Practical implication for patients: esketamine’s EMA authorisation makes it clinically approvable by psychiatrists in EU/EEA‑authorised jurisdictions; in Monaco it can be prescribed where local regulatory/market arrangements permit but routine public reimbursement requires ministerial inclusion on the reimbursable medicines list (an arrêté/Journal officiel procedure in Monaco governs which medicines and which prescribing authorities are covered). The list and formal reimbursement rules in Monaco are managed by the State Medical Benefits Office and set by ministerial arrêté under Monaco’s law on medicines. #.

Operational notes: where esketamine is provided, it must be administered under supervised clinical conditions consistent with the EMA/REM S safety requirements (clinic observation, blood‑pressure monitoring, documentation of prior antidepressant failures).

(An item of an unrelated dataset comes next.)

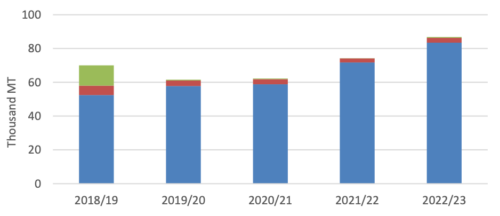 Рост импорта можно объяснить расширением тарифной квоты (TRQ) на ячмень. Расширение было осуществлено из-за опасений по поводу нехватки пшеницы и кукурузы в начале российского вторжения в Украину. Австралия, крупнейший поставщик Южной Кореи, также имеет большие экспортные поставки в этом году. Увеличение TRQ с 40 000 тонн до 250 000 тонн в 2022 году способствовало увеличению импорта ячменя в качестве заменителя кормов. В 2023 году TRQ установлен на уровне 100 000 тонн.
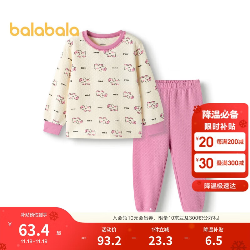 巴拉巴拉宝宝睡衣套装冬季三层夹棉男女童家居服小童外出保暖208424171206

Reimbursement or patient cost exposure in Monaco will depend on whether Caisses Sociales has formally adopted the product into its reimbursable medicines list and on any supplementary private insurance (mutuelle) coverage; absent an explicit Monaco ministerial reimbursement decision, treatment is likely to be available only through private payment or hospital purchase. # # #.

Ketamine

Off-label Medical

Racemic ketamine (intravenous or intramuscular) is a licensed anaesthetic agent internationally but remains an off‑label psychiatric treatment for depression and other mental‑health indications across Europe; its psychiatric use is practiced in specialised clinics and is commonly billed privately because formal reimbursement for ketamine as a psychiatric therapy depends on national pharmaco‑regulatory listings and specific insurer policy. Systematic reviews document robust, rapid, but often transient antidepressant and anti‑suicidal effects and widespread off‑label adoption in Europe, while emphasising the need for controlled delivery and pharmacovigilance. #.

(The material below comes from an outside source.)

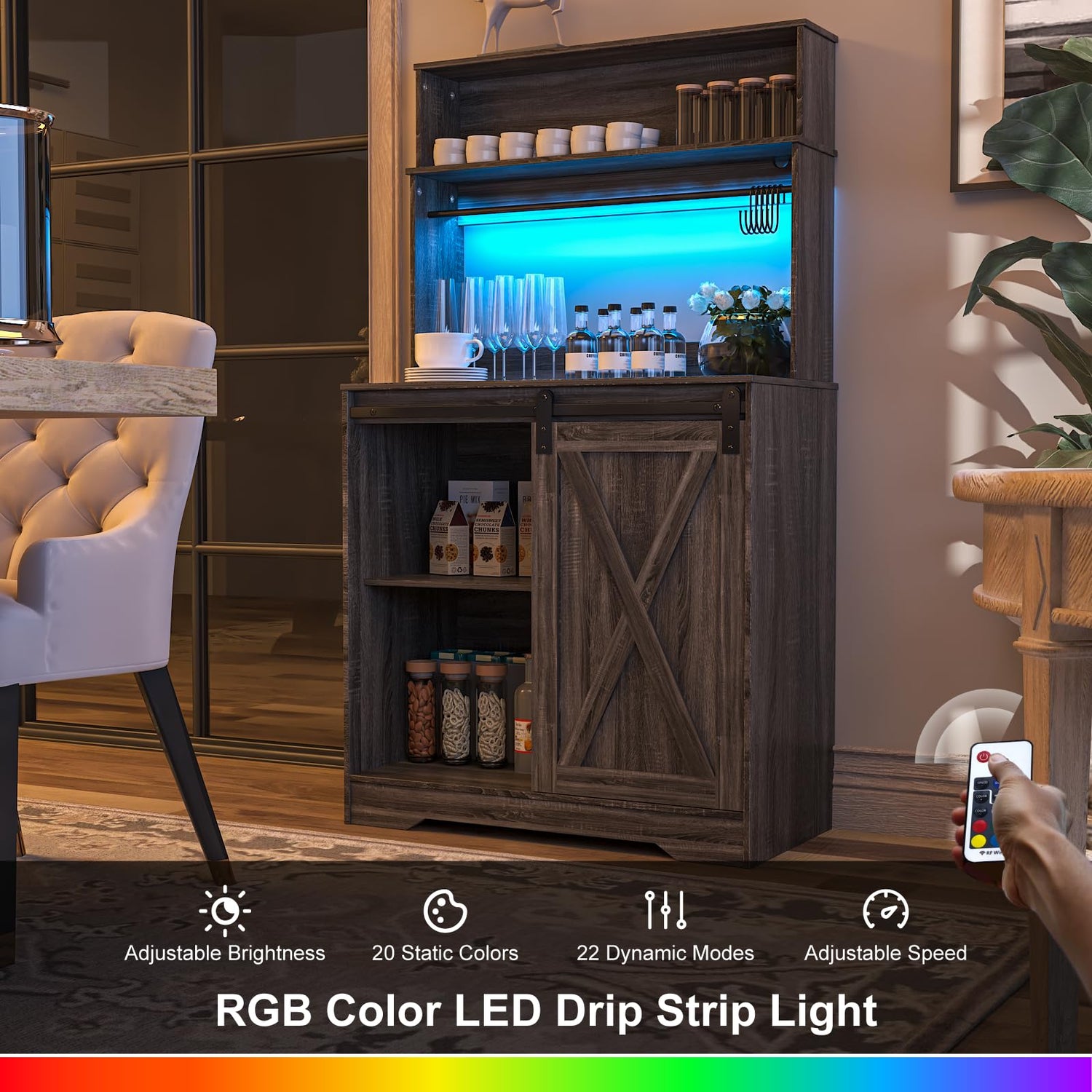 - 【WITH LED STRIP LIGHT】This coffee bar cabinet with storage is paired with a USB port LED drip light with RGB illusion effect. With a 16-button RF remote control to enhance the ambiance.

In Monaco the same ministerial framework (State Medical Benefits Office / Caisses Sociales) determines public reimbursement and the ministerial arrêté / law on medicines governs which products and indications are covered; racemic ketamine used for psychiatric indications would normally be provided as an off‑label clinical intervention and is therefore most often delivered in private clinics or as hospital‑administered treatment with variable reimbursement depending on prior authorisation and whether the specific use has been listed by the State medical authorities. There is no evidence of a specific, publicly reimbursed ketamine‑for‑depression program established by Monaco’s social insurance as of the latest available sources. # #.

Operational considerations: clinicians using ketamine for psychiatric indications should follow established protocols, document prior treatment failures (if claiming medical necessity), and seek prior authorisation from the Caisses Sociales when attempting to obtain public reimbursement; absent explicit ministerial reimbursement, care is commonly self‑pay or covered by private supplemental insurance in comparable European systems. # #.

DMT

Strictly Illegal

Currently classified as a strictly controlled substance under national drug scheduling laws, with no authorized medical use outside of approved clinical research.

5-MeO-DMT

Strictly Illegal

Currently classified as a strictly controlled substance under national drug scheduling laws, with no authorized medical use outside of approved clinical research.

Ibogaine

Strictly Illegal

Currently classified as a strictly controlled substance under national drug scheduling laws, with no authorized medical use outside of approved clinical research.

Ayahuasca

Strictly Illegal

Currently classified as a strictly controlled substance under national drug scheduling laws, with no authorized medical use outside of approved clinical research.

Mescaline

Strictly Illegal

Currently classified as a strictly controlled substance under national drug scheduling laws, with no authorized medical use outside of approved clinical research.

2C-X

Strictly Illegal

Currently classified as a strictly controlled substance under national drug scheduling laws, with no authorized medical use outside of approved clinical research.